WHAT THE TASK ASKS
In the records below, repeat exactly the lines between the line holding "3. For the Franka" and the line holding "Silver and black", inclusive, and drop the pictures.

EXERCISE DATA
'''
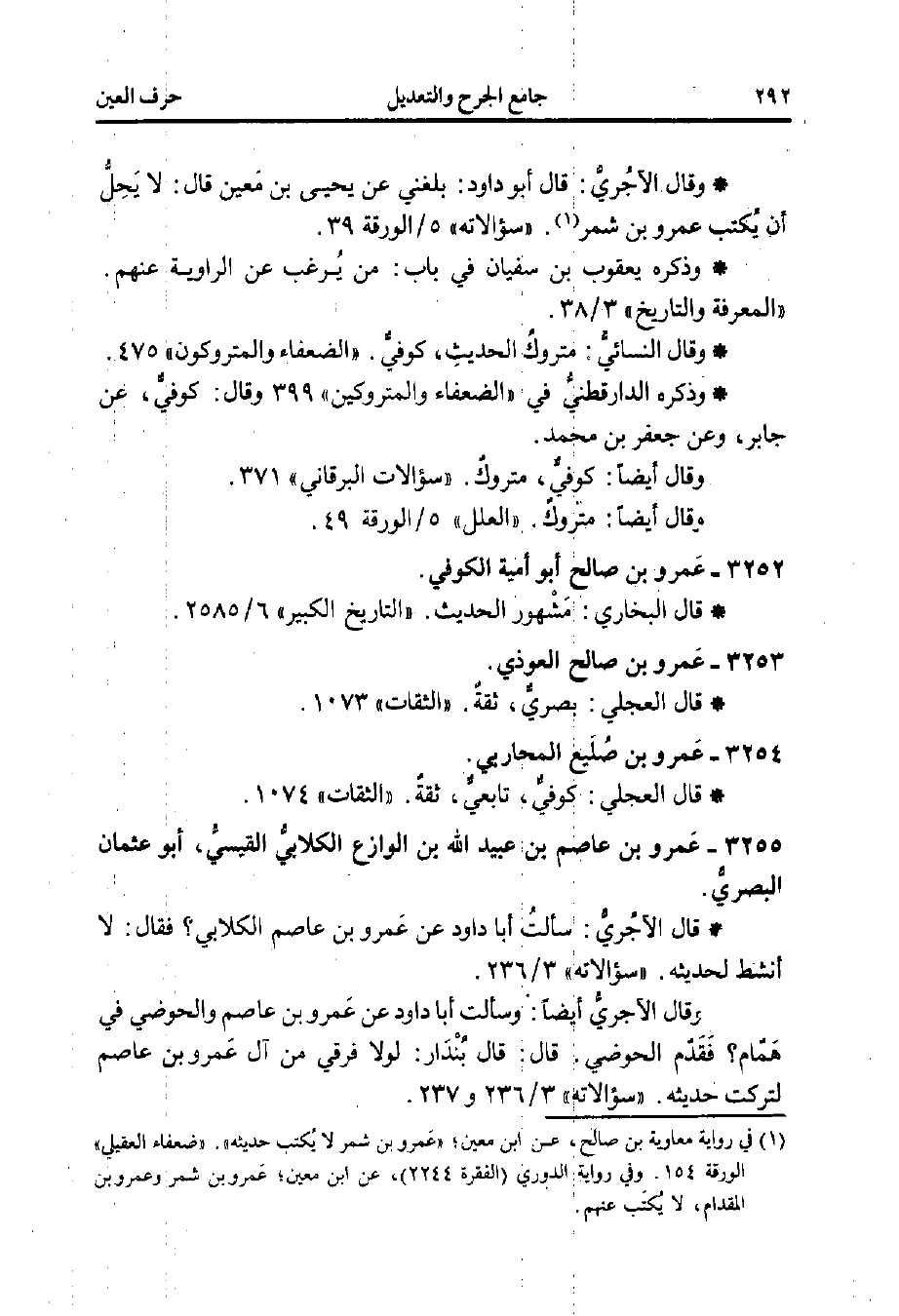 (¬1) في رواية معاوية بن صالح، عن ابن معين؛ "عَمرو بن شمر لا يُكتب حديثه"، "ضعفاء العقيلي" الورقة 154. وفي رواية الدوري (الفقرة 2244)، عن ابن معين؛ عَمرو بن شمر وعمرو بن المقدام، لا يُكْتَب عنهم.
'''
'''
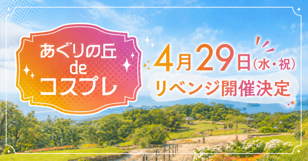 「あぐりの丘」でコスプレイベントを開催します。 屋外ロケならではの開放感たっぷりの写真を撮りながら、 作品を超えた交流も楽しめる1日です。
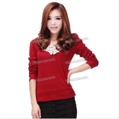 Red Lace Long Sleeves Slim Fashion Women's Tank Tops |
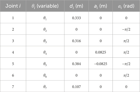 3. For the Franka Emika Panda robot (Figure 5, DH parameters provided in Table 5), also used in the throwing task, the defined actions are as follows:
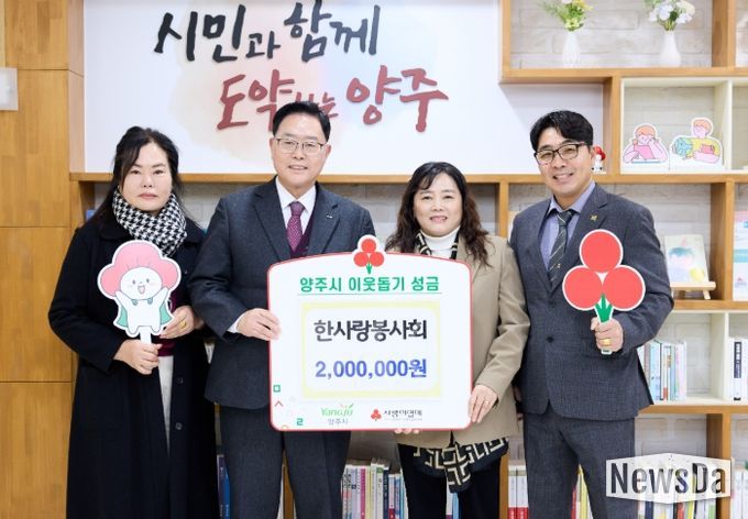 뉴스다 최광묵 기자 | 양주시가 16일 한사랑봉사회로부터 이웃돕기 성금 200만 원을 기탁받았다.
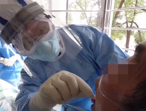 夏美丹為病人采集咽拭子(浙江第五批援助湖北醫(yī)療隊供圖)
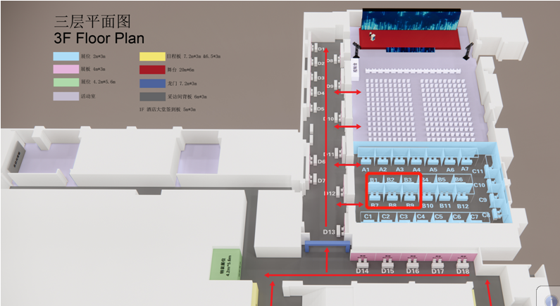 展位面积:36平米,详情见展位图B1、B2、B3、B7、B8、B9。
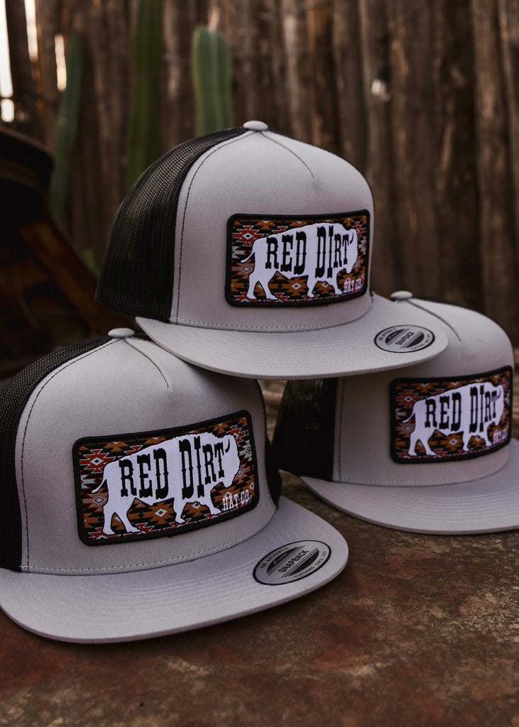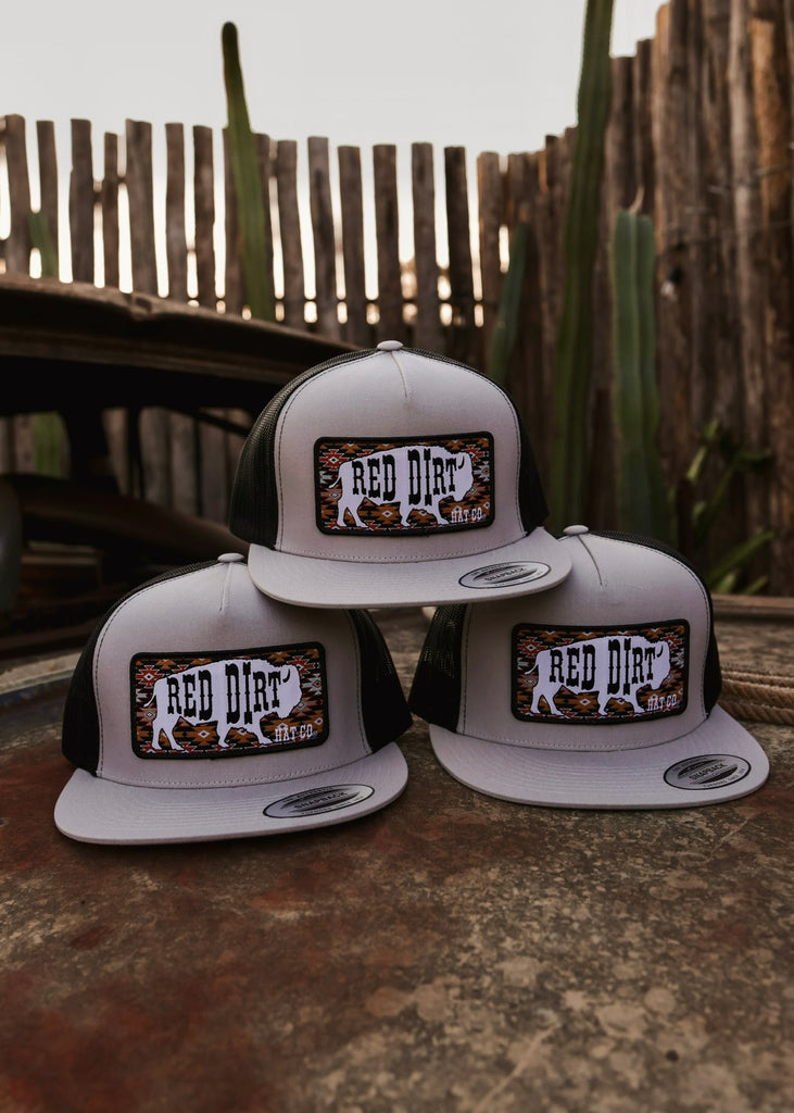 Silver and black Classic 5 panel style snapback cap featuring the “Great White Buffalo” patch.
'''
RESULT OF THIS TASK
 3. For the Franka Emika Panda robot (Figure 5, DH parameters provided in Table 5), also used in the throwing task, the defined actions are as follows:
 뉴스다 최광묵 기자 | 양주시가 16일 한사랑봉사회로부터 이웃돕기 성금 200만 원을 기탁받았다.
 夏美丹為病人采集咽拭子(浙江第五批援助湖北醫(yī)療隊供圖)
 展位面积:36平米,详情见展位图B1、B2、B3、B7、B8、B9。
 Silver and black Classic 5 panel style snapback cap featuring the “Great White Buffalo” patch.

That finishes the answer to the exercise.